There’s a Difference between Guilt & Shame

Guilt

Remember when you ate that third slice of Swiss roll at the birthday party you went to last week? And remember how you felt a little guilty over it?

Then later that day someone offered you some caramel chocolate digestives (which are outstanding) and you said ‘no I won’t, feel bad already’. That was the work of guilt.

Surely that’s a good thing, right?

Well according to countless Instagram influencers supposedly not. That guilt is this emotion that is not positive in any shape or form. It’s been demonized.

Why Demonize Guilt?

And you know what? I think that’s complete BS. I’ve always seen guilt as a hugely positive thing, guilt has led me to do things I know I should be doing and refrain from activities I shouldn’t.

Unless you felt guilty over that Swiss roll episode, you’d have tucked into those caramel digestives too.

Or what about the day you didn’t want to go to the gym, but went anyway because you knew you’d feel guilty otherwise?

It was guilt that dragged you into the car and drove you to the gym. I’ve never understood this notion of guilt being completely bad.

You know another thing? It’s unavoidable! I used to hear people say ‘oh eat that chocolate muffin, but don’t feel guilty over it’. I’m sorry, I know it’s not exactly murder, but I can’t help but feel guilty.

There are countless other snacks I could have had that would be ‘better’ for me.

Up until now I thought it was just the measure of guilt was the problem.

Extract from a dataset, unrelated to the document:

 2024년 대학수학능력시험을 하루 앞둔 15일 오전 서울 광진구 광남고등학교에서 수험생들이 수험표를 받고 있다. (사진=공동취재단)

For those that felt guilty and moved on it was positive, but those that felt a continuous guilt would let it consume them; leading to unhealthy behaviours such as binging.

It’s only now that I’ve started to understand what’s really going on. I hadn’t taken into consideration ‘shame’.

Defining The Words

Guilt and shame may seem similar but they’re completely different. Let’s look at the definition of guilt;

‘The fact of having committed a specified or implied offence or crime.’

Now let’s look at shame;

‘a painful feeling of humiliation or distress caused by the consciousness of wrong or foolish behaviour.’

Or

‘A loss of respect or esteem; dishonour.’

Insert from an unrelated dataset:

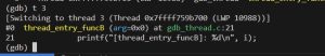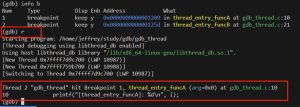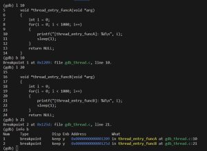 (gdb) info b Num Type Disp Enb Address What 1 breakpoint keep y 0x0000000000001209 in thread_entry_funcA at gdb_thread.c:10 2 breakpoint keep y 0x000000000000125d in thread_entry_funcB at gdb_thread.c:21运行程序:
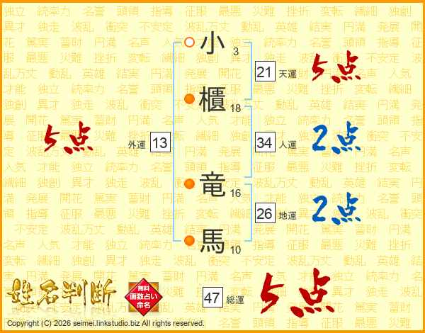 小櫃竜馬さんの総運は47画の5点!

Guilt is related solely to an action; i.e. I did something bad.

On the other hand shame relates to the person themselves, i.e. I am bad.

Those are completely different. With shame there is no separation between the person and their actions. Just because you did something ‘bad’ means that you are ‘bad’.

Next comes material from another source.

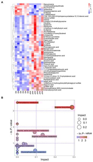 The results of screening for differential metabolites are visualized in the form of volcanic diagrams, as illustrated in Figure 3E,F. Each point in the diagram represents a metabolite. The abscissa represents multiple changes within a group in comparison to between groups (the logarithm with 2 as the bottom), and the ordinate represents the p-value of the Student’s t test (the negative number of the logarithm with 10 as the bottom). The scatter point size represents the variable importance projection (VIP) value of the OPLS-DA model. The larger the scatter point, the larger the value. The scatter colors represent the final screening results, with significantly up-regulated metabolites in red, significantly down-regulated metabolites in blue, and non-significantly different metabolites in grey. Substances that met the following requirements were identified as differential metabolites: (1) VIP value > 1; (2) significant difference p < 0.05; (3) exclusion of heterologous metabolites according to the references. The results showed that a total of 51 differential metabolites were screened out as potential biomarkers in the mice serum after the AAP dietary supplement. Of these, 1–20 were in positive ion mode and 21–54 were in negative ion mode. L-lysine, citrulline and indophenol sulfate were detected in both modes. Details of the selected biomarkers are shown in Table 1.

But that’s nonsensical. You wouldn’t apply that to other areas of your life?

Just because you hit one golf shot like Tiger Woods does not mean that you are Tiger Woods or as good as him.

A single action does not define you as a person.

There’s an issue with linking your feelings about specific actions to your thoughts about you as a person. Feeling that you’re ‘bad’ for eating ‘bad’ means you feel unloved, unworthy and a failure.

Then it’s no wonder that this can lead to binge eating behaviour, lack of motivation and general unhappiness. The cycle will continue.

You Can Feel Guilt Without Shame

Feeling guilty without feeling shameful is all about detaching yourself from your actions. So if you go eat a whole cheesecake some evening, understand that the single action does not define you as a person.

When you’re feeling guilt rather than shame you’re able to detach yourself from the action. Letting yourself feel the guilt and move on is key.

So next time you over consume food or don’t exercise, realise that it is ONE action. Understand that your next action can make amends.

You aren’t ‘bad’ because you acted ‘bad’.